High Performance Computing (HPC) has been dominated for the last 15 years by distributed memory parallel computers and the Message-Passing Interface (MPI) programming paradigm. The computational nodes have been relatively simple, with only a few processing cores per node. This computational model appears to be reaching a limit, with several hundred thousand simple cores in the IBM Blue Gene. The future computational paradigm will likely consist of much more complex nodes, such as Graphical Processing Units (GPUs) or Cell Processors, which can have hundreds of processing cores, with different and still evolving programming paradigms, such as CUDA. One anticipates that new HPC computers, unlike Blue Gene, will consist of a relatively small number (<1,000) nodes, each of which will contain hundreds of cores. To obtain high performance on the node will in most cases require new algorithms. Between nodes, however, it is likely that MPI will continue to be effective.

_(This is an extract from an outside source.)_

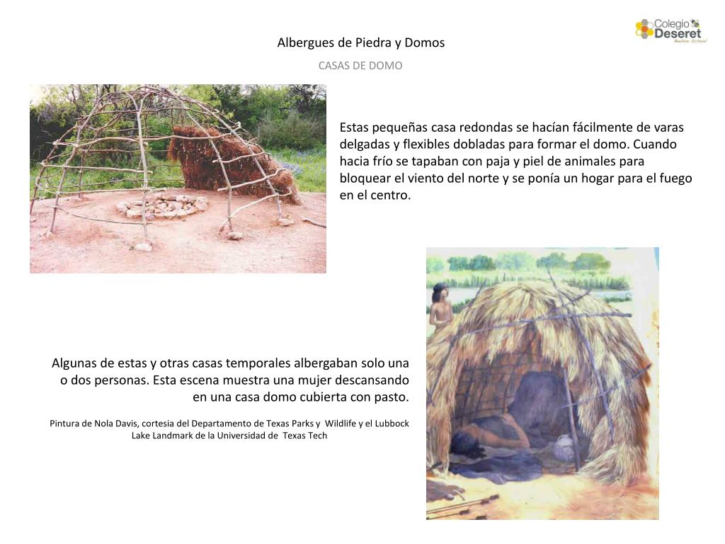 Albergues de Piedra y Domos CASAS DE DOMO Estas pequeñas casa redondas se hacían fácilmente de varas delgadas y flexibles dobladas para formar el domo. Cuando hacia frío se tapaban con paja y piel de animales para bloquear el viento del norte y se ponía un hogar para el fuego en el centro. Algunas de estas y otras casas temporales albergaban solo una o dos personas. Esta escena muestra una mujer descansando en una casa domo cubierta con pasto. Pintura de Nola Davis, cortesia del Departamento de Texas Parks y Wildlife y el Lubbock Lake Landmark de la Universidad de Texas Tech
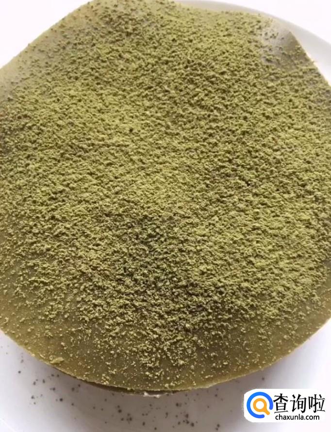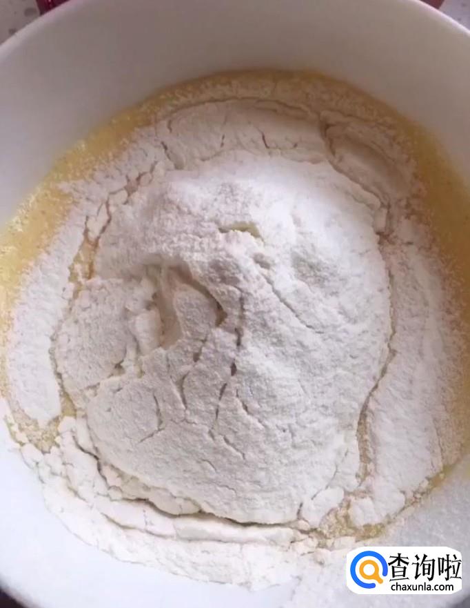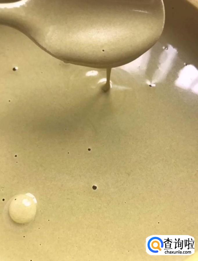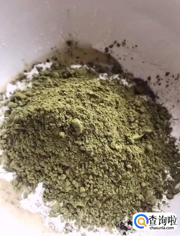 然后我们再筛入70g的低筋面粉,10g的抹茶粉,用勺子搅拌均匀如图所示的样子

New Science With New Resources
To help us get a better understanding of the quantitative requirements we've asked for above, please tell us: What significant scientific progress could you achieve over the next 5 years with access to 50X the HPC resources you currently have access to at NERSC? What would be the benefits to your research field if you were given access to these kinds of resources?
Please explain what aspects of "expanded HPC resources" are important for your project (e.g., more CPU hours, more memory, more storage, more throughput for small jobs, ability to handle very large jobs).
The challenge of laser wakefield accelerator modeling lies in the scale gap between the laser wavelength (about 1micron) and the plasma length (from a few millimeters up to several meters). Phenomenological models indicate that increasingly longer plasma columns are required to achieve higher efficiencies and thus higher final output energies of the accelerated particles. As an example, for a 300J laser, to be available in the next few years, up to 5 meters of plasma are needed to reach output beams with 40 GeV. Simulating these scenarios is now possible with the use of the Boosted Frame scheme, which strongly reduces the computational requirements. Although enabling strong computational savings, the simulation of the next generation of lasers is still very demanding, and complete parameter scans have not been performed yet.
Increased HPC resources will not only enable the necessary scans necessary for effective experiment design and interpretation, but will also open the possibility to simulate more advanced regimes and configurations. These computational experiments would focus on reaching higher quality output beams (smaller emmittance and energy spread), and even higher output energies.
As mentioned above, the challenge lies in the scale gap, which is reflected on the large number of algorithm iterations. Therefore, more CPU hours are the important metric for this project.